That being said, there was a concern with corporations and their potential to give rise to a class aristocrats. The Tea Party wasn’t only meant to hurt the British Government, it was meant to hurt the corporation benefiting from the unfair taxes in place. Maybe a return to a fixed time limit on the existence of individual corporations might solve a few of our modern problems.
By way of clarification: I should have replaced “the enemy of” with “the possible threat to” in “The enemy of individual freedoms isn’t the state…”
gYGES:
that is an interesting thought, the “group” could possibly be a detriment to our republic. I guess National Socialism in Germany is a good example of how a “group” could come to power.
But as you say if you have an objective rule of law it would be hard for a “group” like the National Socialists to gain power and remember Hitler basically took power from an old tired man.

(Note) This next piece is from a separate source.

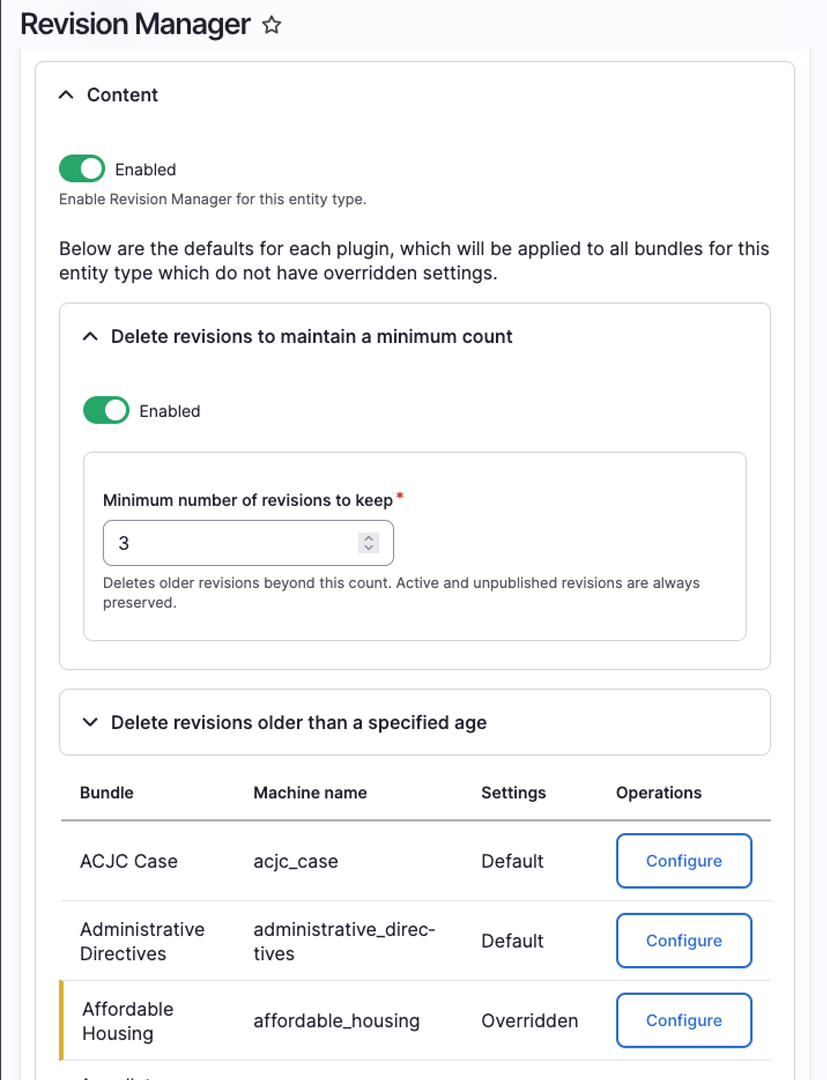 The Revision Manager module provides complete control over how revisions are retained and cleaned up across all revisionable entity types and bundles. Every policy and behavior is fully customizable, allowing you to preserve important content history while automatically removing outdated revisions. Whether you need to keep a minimum number of revisions, delete revisions older than a set age, or implement custom retention strategies, Revision Manager gives you full flexibility over revision management.

I think Germany is a different case though, I read a very interesting book recently about the intellectual history of the Communist Manifesto and came away feeling that the Germans had been primed for Hitler by way of Hegel and Marx.
We have our founding documents to fall back on when the republic is in trouble. So all in all the “group” is not the problem so much as a destruction of our founding documents to the point where a “group” could take power using a perverted Constitution.
Which is what has been going on for well over a hundred years. A little bit here a little bit there. Heck probably at the very start there were in place contradictions that have caused the problems we are seeing today.